Джарылгач (сборник) - Борис Житков 3 стр.


- Ставь паруса! - крикнул Антоний.

Сорвался Антоний из порта, и побежало судно в море.

И снова двинул прежний ветер. Крепкий, ровный.

- Откуда снова взялся? - говорят матросы.

- Это он обедать ходил, - кричит Антоний. - Что он вам поденщик, что ли? Поспал, теперь свое возьмет. Не горюй, молодцы!

Ночь была темная, тьма густая стояла, только вода белыми гребнями вспыхивала, и птицами летала белая пена через Антониев корабль. Никто на корабле не спал, и сам Антоний на руле стоял. И как раз тут, вот уж скоро, должны быть рядом Волчьи зубы.

Вдруг Антоний повернул корабль - и все поняли, что направил прямо на Волчьи зубы. Да с такого хода!

Старик подбежал к Антонию:

- Хозяин! Что делаешь? На каменья правишь!

- Не горюй! - орет Антоний. - Открывай трюм, ребята, кидай бочки за борт, пока не крикну баста. Живо!

Бросились матросы, открыли трюм и давай валить бочки за борт. С ума сошел хозяин. Да все равно - не горюй!

- Вали, вали! - кричит Антоний, - живо!

Половину груза вывалили матросы. А каждый в уме путь мерит: вот-вот уж скоро Волчьи зубы.
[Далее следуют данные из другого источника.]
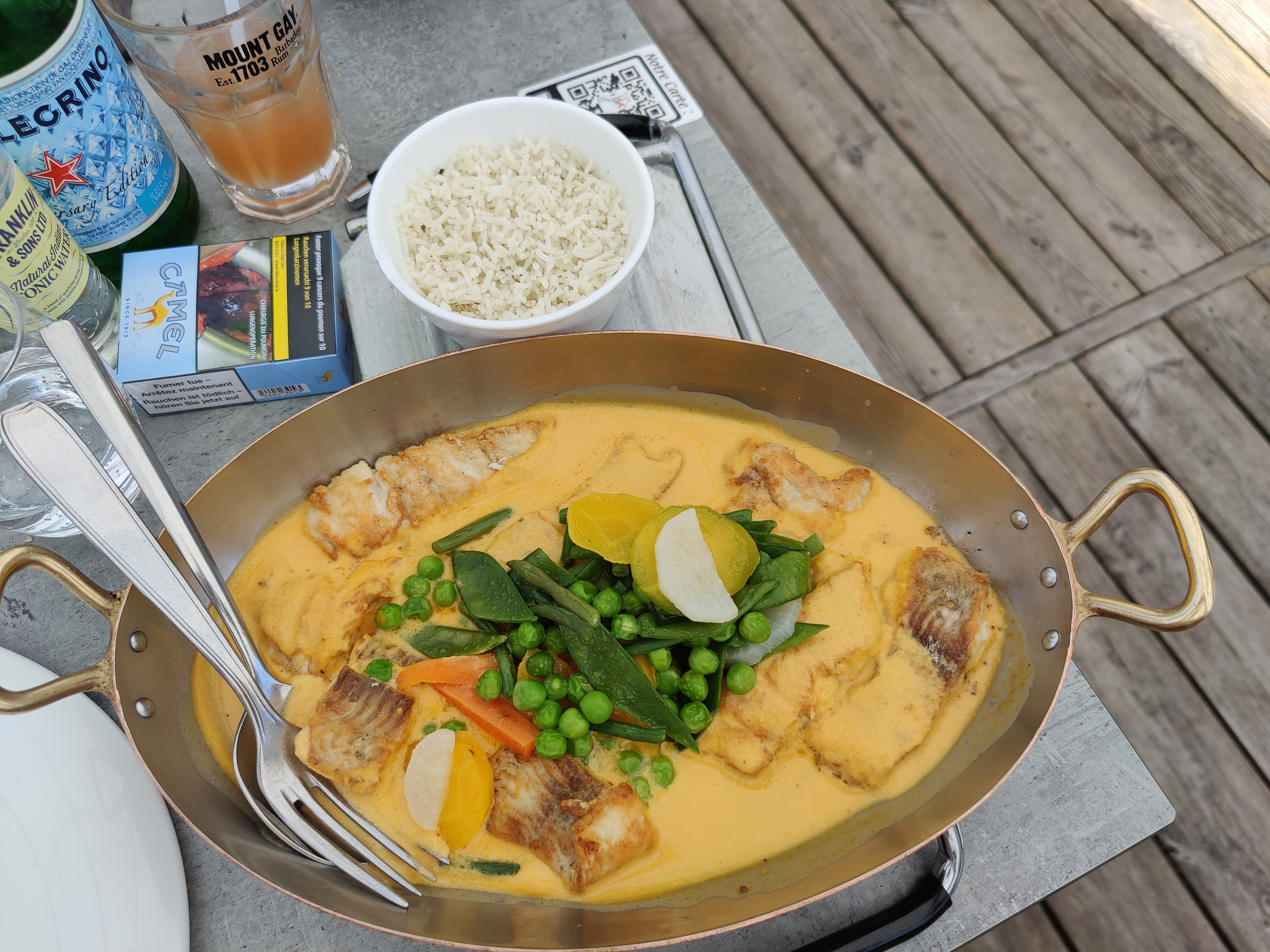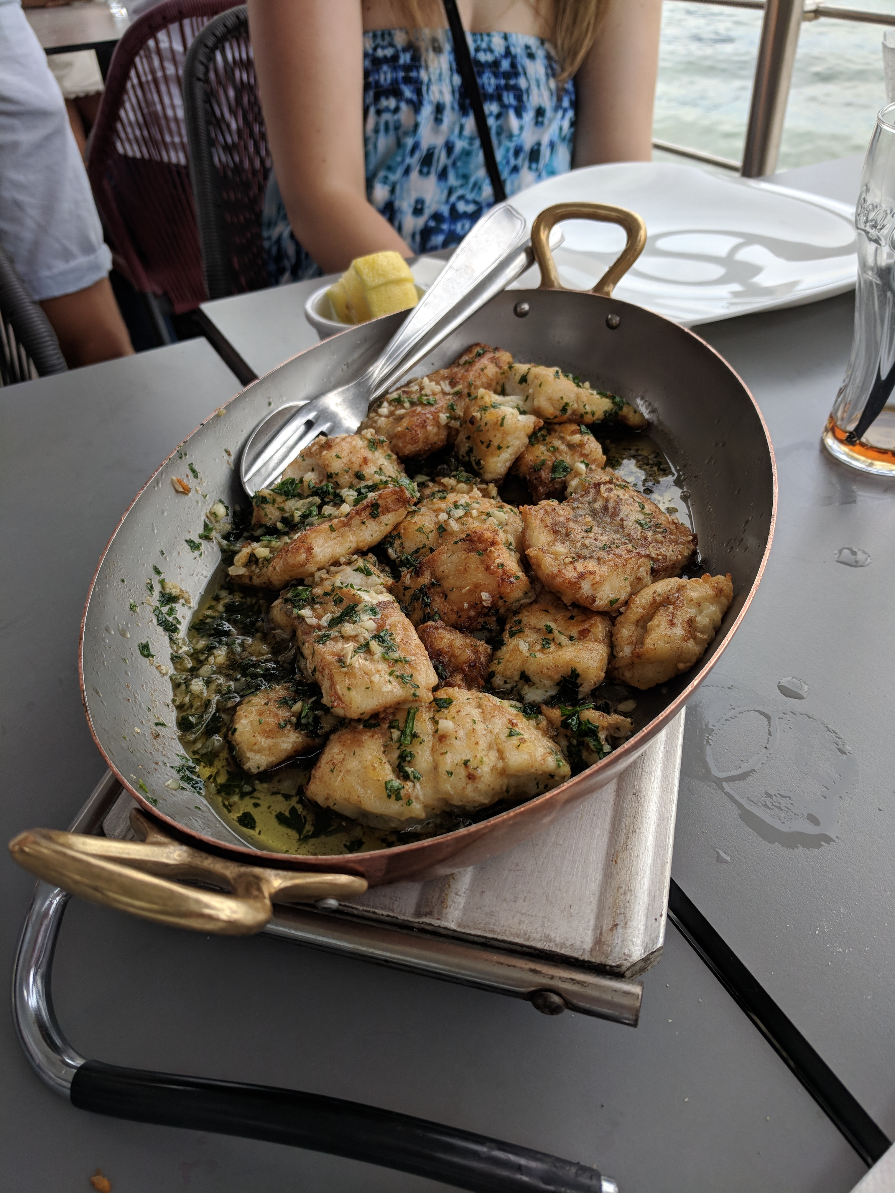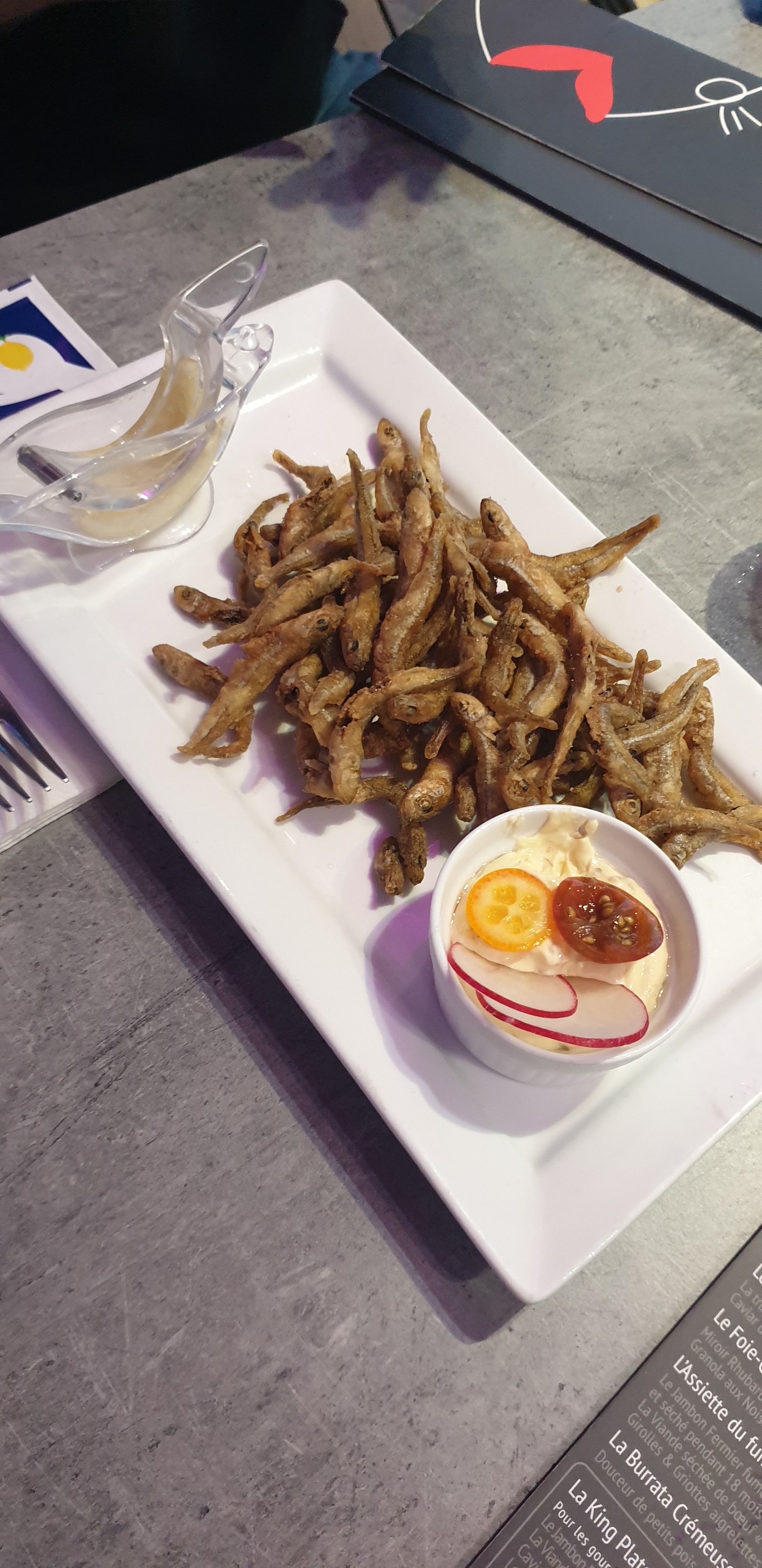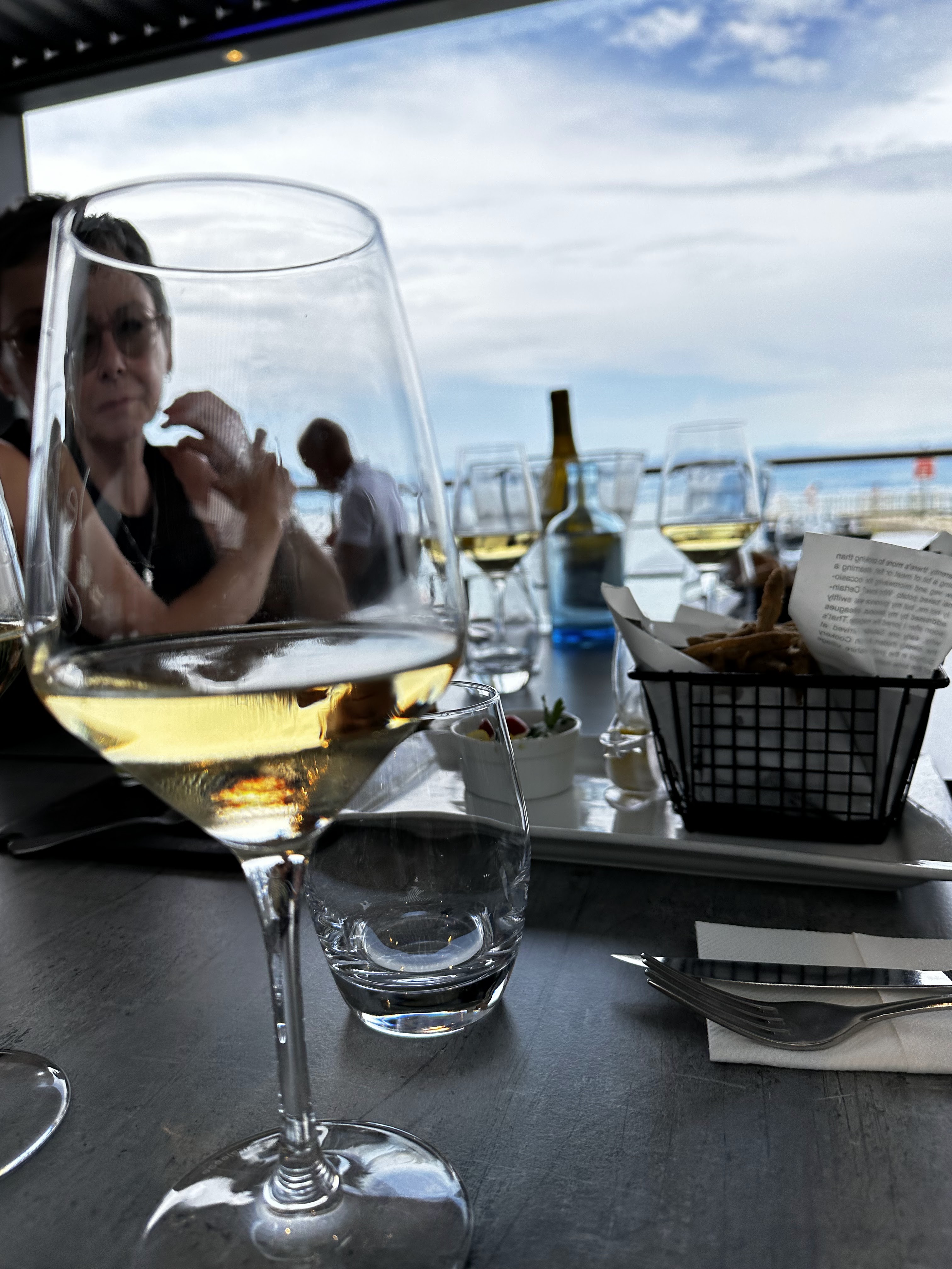 Sandrine nous accueille avec le sourire (sous le masque) la vue est superbe, le choix fut difficile car il y en a pour tous les goûts. La petite friture pour accompagner notre apéritif puis un délicieux poisson. Je recommande

А "Не Горюй" всплыл выше, легче стало судно, и совсем на бок положил его ветер. А на самые на Волчьи зубы напрямик к порту гонит свой корабль Антоний.

И вот они, буруны, белеют во тьме над "зубами", ревом ревет вода, пенится. В самые буруны гонит Антоний судно, со всего ходу. Матросы глаза зажмурили. Ждут, как треснет с ходу, как полетят на палубу мачты, как горшок об камень, разлетится вдребезги судно.

Влетел Антоний в пену и крикнул:

- Антоний идет! Держись!

Затрясся в пене корабль и прошел дальше. Матросы друг на друга глядят - стоят мокрые и понять не могут: на том ли, на этом свете? А корабль полугруженый лежал боком и сидел в воде как порожний. Бежит дальше.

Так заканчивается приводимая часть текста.